Repairing ‘dug-up’ roads ‘difficult’ due to customer debt, says NWC
KINGSTON, Jamaica – With the National Water Commission (NWC) facing challenges to collect the $20 billion consumers owe for water, it is finding it difficult to reinstate a roadways that have been dug up for pipe laying and fixing leaks across the Corporate Area, Michael Dunn, vice president Customer Delivery told Tuesday’s Kingston and St Andrew Corporation (KSAC) council meeting.
The fixing of the roadways, he said, was tied to being able to collect the debt.
“If we can collect the monies we would be in a better position for service,” Dunn said.

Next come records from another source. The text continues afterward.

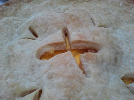 The pies all came out beautifully. In the photo above, the peach pie (regular wheat flour crust) is at bottom; the gluten-free blueberry is up and to the right, and the gluten-free Shaker lemon pie is up and to the left.
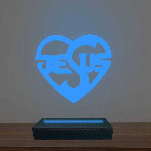 Luminária Led 3d Jesus Coração Abajur Luxo - Cor: Azul
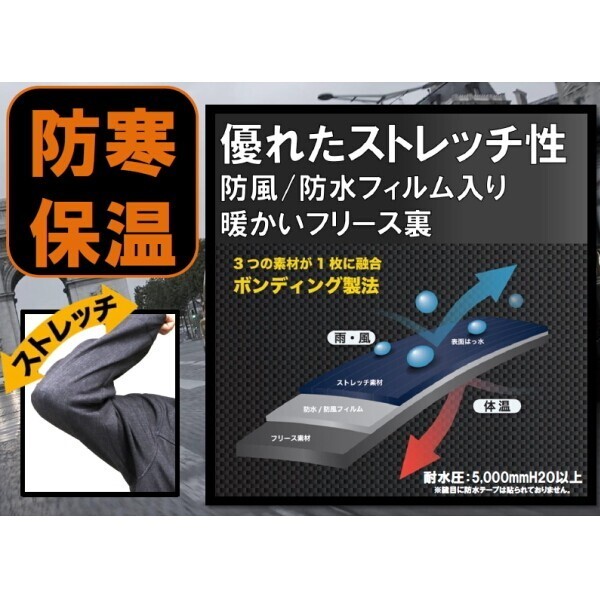 3層構造のボンディング製法(多層生地を一体化する製法)により、動きやすさ・保温性・耐久性をバランスよく実現。

During the question and answer section of the presentation made by the NWC at the meeting, councillors complained that despite several calls to the commission, they had failed to reinstate roads they had dug up.

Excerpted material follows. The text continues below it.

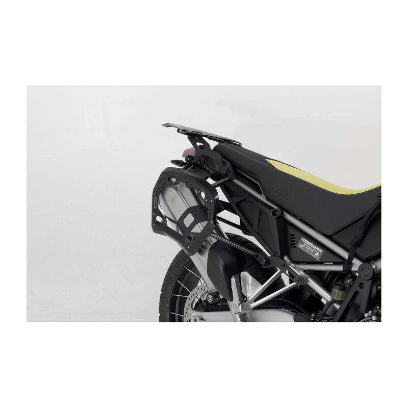 SW-MOTECH SEITENTRÄGER PRO Mit der Einführung des ersten abnehmbaren Trägers für Motorradkoffer hat SW-Motech im Zubehörmarkt ein Zeichen gesetzt. Der PRO Seitenträger ist die neue Generation. Noch robuster, noch abenteuerlustiger und immer noch abnehmbar. Offroad-Fans werden begeistert sein. Der modellspezifische PRO Seitenträger aus 2.5 mm starkem Stahl ist extrem belastbar. Der PRO Seitenträger gibt Seitenkoffern von SW-Motech, Givi/Kappa, Hepco & Becker, Krauser und Shad sowie SysBag-Taschen (SysBag 15, 30 und WP L) sicheren Halt. Passende Adapterkits sind separat erhältlich. Die zahlreichen Funktionsbohrungen des PRO Seitenträgers erlauben die Befestigung von RotopaX-Kanistern und anderem Zubehör. SW-Motech setzt weiterhin auf die beliebten Quick-Lock Schnellverschlüsse, welche im Zuge der Neuentwicklung ebenfalls überarbeitet wurden. Lösen lassen sich die Schnellverschlüsse wie gewohnt per Vierteldrehung mit einem Schlitz-Schraubendreher oder dem SW-Motech Multitool. Im Handumdrehen lässt sich der Träger komplett abnehmen und am Bike verbleiben nur unscheinbare Anbauelemente. Wer den PRO Seitenträger permanent an seinem Motorrad befestigen möchte, dem kommt die Neukonstruktion der Schnellverschlüsse entgegen. Es wird kein spezielles Befestigungskit mehr benötigt. Der PRO Seitenträger lässt sich nun mit kostengünstigeren Normteilen (M8) fest verschrauben. Ein entsprechendes Schraubenkit (M8) ist separat erhältlich. * Extrem belastbar durch optimierte Form und 2.5 mm starken Stahl * Perfekte Passform, nah ans Fahrzeug konstruiert * Komplett abnehmbar mit neu entwickelten, noch robusteren Schnellverschlüssen * Optionale Diebstahlsicherung erhältlich * Für permanente Montage lassen sich Schnellverschlüsse durch Normteile (M8) ersetzen * Zahlreiche Funktionsbohrungen, u.a. kompatibel mit RotopaX-System * Einfache Montage an original Anbaupunkten * Wirksamer Korrosionsschutz durch Pulverbeschichtung * Sicherer Halt für TRAX, AERO und SysBag Taschen (SysBag 15, 30 und WP L) mit Adapterplatte * Adapterkits zur Befestigung von Koffern von Givi/Kappa, Krauser und Shad ebenfalls erhältlich LIEFERUMFANG: * 2x PRO Seitenträger * Montagematerial * Anbauanleitung BACKYARD RACING DETAILS: * Material: Stahl * Oberfläche: Pulverbeschichtet * Farbe: Schwarz HINWEIS: Für die Montage von Seitenkoffern am PRO Seitenträger sind spezifische Adapterkits notwendig. Diese sind separat erhältlich für die SW-Motech Koffer der Serien TRAX ADV, TRAX ION und AERO ABS sowie SysBag mit Adapterplatte (SysBag 15, 30 und WP L). Auch für Koffersysteme anderer Hersteller sind Adapterkits separat erhältlich. GENEHMIGUNGSHINWEIS: Dieses Produkt muss nicht zugelassen werden. Es benötigt daher auch keine Prüfzeichen, Gutachten oder Allgemeine Betriebserlaubnis. Die Informationen in der Anbauanleitung sind zu beachten.

Keon Hinds, NWC Regional Water Supply and Distribution manager (South East), told the councillors that through a Memorandum of Understanding (MOU) between the NWC and the National Works Agency (NWA), roads that were dug up were reinstated. He said that the MOU was still in effect.
Explaining how the MOU worked, Hinds said that the NWA did not fix each road that was dug up immediately, but waited on a number of cuts (12 to 15) to fix. He said that there was an NWA bank account into which the NWC transferred funds based on the cost of the cuts to be fixed. Even if the funds put into the account by the NWC were insufficient, the NWA would still do the work, Hinds said.
He said that a number of outstanding cuts had been submitted to the NWA for reinstatement.
Dunn told the councillors that despite the difficulties, the NWC was trying to do what it could to alleviate the situation.
Although there was no money to pay the NWA, the NWC said it would try to fix the roads the councillors complained about, in short order.
“We met with the NWA last week and we realise that there is a problem,” Dunn said.
Meanwhile, Kingston Mayor Angela Brown Burke told the NWC representatives that there was a need for more collaboration between the NWC and the KSAC.
“When you plan to work on the roads you should send us a list,” the mayor said.
Brown Burke said that she would ask the chairman of the Roads and Traffic Committee to speak with councillors and tabulate a list of the various roads to be reinstated. Some of the areas where councillors said roads had been dug up and needed to be fixed included, Forest Hills, Elletson Flats, Grants Pen, Lincoln Avenue, and Hughenden.